Con la ayuda de Dios y la merced de María
La tarea es de tal magnitud y riesgo que sólo es posible con la ayuda de Dios. Con María junto a la Cruz, ejemplo de fe y de constancia en la prueba, nos anima a consagrar nuestra vida a ella y pedirle que nos dé un gran amor a su divino Hijo Jesús. Aceptemos la invitación que nos hace Él desde la cruz: “Ahí tienes a tu Madre”, y acerquémonos a Ella con toda confianza. Esta gran Señora, portadora de la Merced de Dios, puede darnos a Dios, porque primero lo recibió ella. Porque se dejó “tener” por Él, se convirtió en su fiel portadora. Esta es la vocación de la Iglesia y de todo creyente: ser portador del don de Dios y vivir conforme a la dinámica de ese don. Sólo el don de sí mismo, liberado de todo egoísmo, puede dignificar las relaciones entre las personas. Esta lógica del don, comprensible sólo en la dinámica del amor, no aleja a la persona de las relaciones con los otros, ni de las obligaciones y derechos que tiene como ciudadano. Al contrario, le abre los ojos a la realidad, la libera de discusiones inútiles, la acerca al que tiene al lado, le da una nueva comprensión y sensibilidad para ver sus necesidades, y la compromete efectivamente en la construcción de una nueva humanidad.
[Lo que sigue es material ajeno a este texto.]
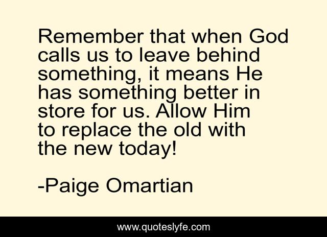 This page presents the quote "Remember that when God calls us to leave behind something, it means He has something better in store for us. Allow Him to replace the old with the new today!". Author of this quote is Paige Omartian. This quote is about faith, god, better, wake-up, inspirational, enthusiasm, trust,.
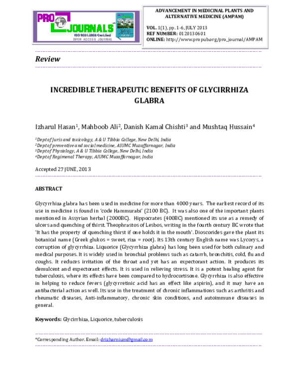 Pdf Incredible Therapeutic Benefits Of Glycirrhiza Glabra Izhar Dr Academia Edu
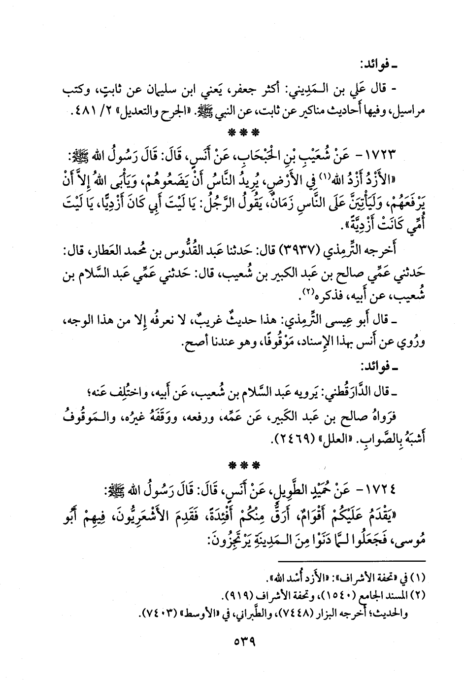 ١٧٢٣ - عن شعيب بن الحَبحاب، عن أَنس، قال: قال رسول الله صَلى الله عَليه وسَلم:
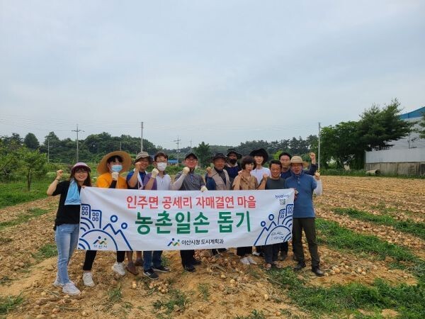 [무한뉴스]아산시 도시계획과는 지난 17일 코로나19로 인력난을 겪는 농가를 돕기 위해 1부서 1촌 자매결연 마을인 인주면 공세리 농가를 찾아 생산적 일손봉사에 참여했다.
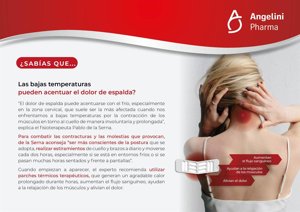 El dolor de espalda puede acentuarse con el frío, especialmente en la zona cervical, que suele ser la más afectada cuando hay que enfrentarse a bajas temperaturas por la contracción de los músculos en torno al cuello de manera involuntaria y prolongada. Pablo de la Serna, fisioterapeuta y experto en terapia de calor explica que “en casos extremos, estas molestias y el dolor provocado por las contracturas pueden llegar a reflejarse también en dorsales y lumbares, además de en otras zonas del cuerpo”
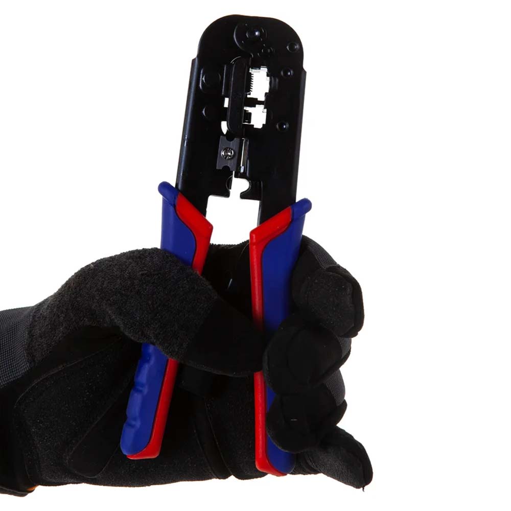 Клещи обжимные RJ (2 гнезда) RJ 11/12 (6-pin) RJ 45 (8-pin) 190мм KNIPEX качественно выполняет опрессовку штекеров типа Western. Облегчает работу рычажная передача, которая способствует увеличению усилия резания. Данный инструмент имеет вороненую поверхность, что предотвращает появление коррозии. Подходит для реза и снятия оболочки с плоских, неэкранированных телефонных кабелей, а также для удаления изоляции с круглых кабелей.
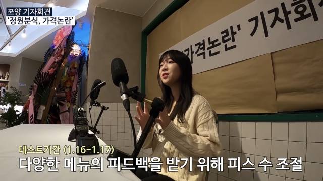 의견이 분분하자 쯔양은 기자회견 콘셉트의 영상을 올려 “(식당은) 아직 오픈도 안 했다”며 집중 공격을 받았던 9000원 떡볶이에 대해 “양이 거의 2인분이다. 그릇 안이 깊게 파여 있어서 적어 보인 건데, 테스트 과정에서 한 번도 듣지 못한 말”이라고 해명했다. 이어 26일 악플러에 대해 고소를 진행하겠다는 강경한 입장을 밝혔다.

La consagración a María nos pide hoy a todos, autoridades y pueblo, coherencia y ejemplaridad. La convivencia humana progresa espiritual y materialmente, si se promueven relaciones de gratuidad, de misericordia y de comunión, dijo hace poco el Santo Padre Benedicto XVI; esas relaciones son posibles sólo si las comprendemos en la lógica del don. La Señora de la Merced nos trae ese don absolutamente gratuito, sorprendente e inesperado, que es Jesucristo. Y nosotros, discípulos privilegiados que lo recibimos, dejémonos transformar por “la maravillosa dinámica de esa merced”. Que Ella nos lleve a todos, autoridades y pueblo, a ser misioneros audaces de ese don, a tratarnos con respeto, a escucharnos más, y a ser más responsables en la función pública y en el cumplimiento de nuestras obligaciones ciudadanas. Así sea.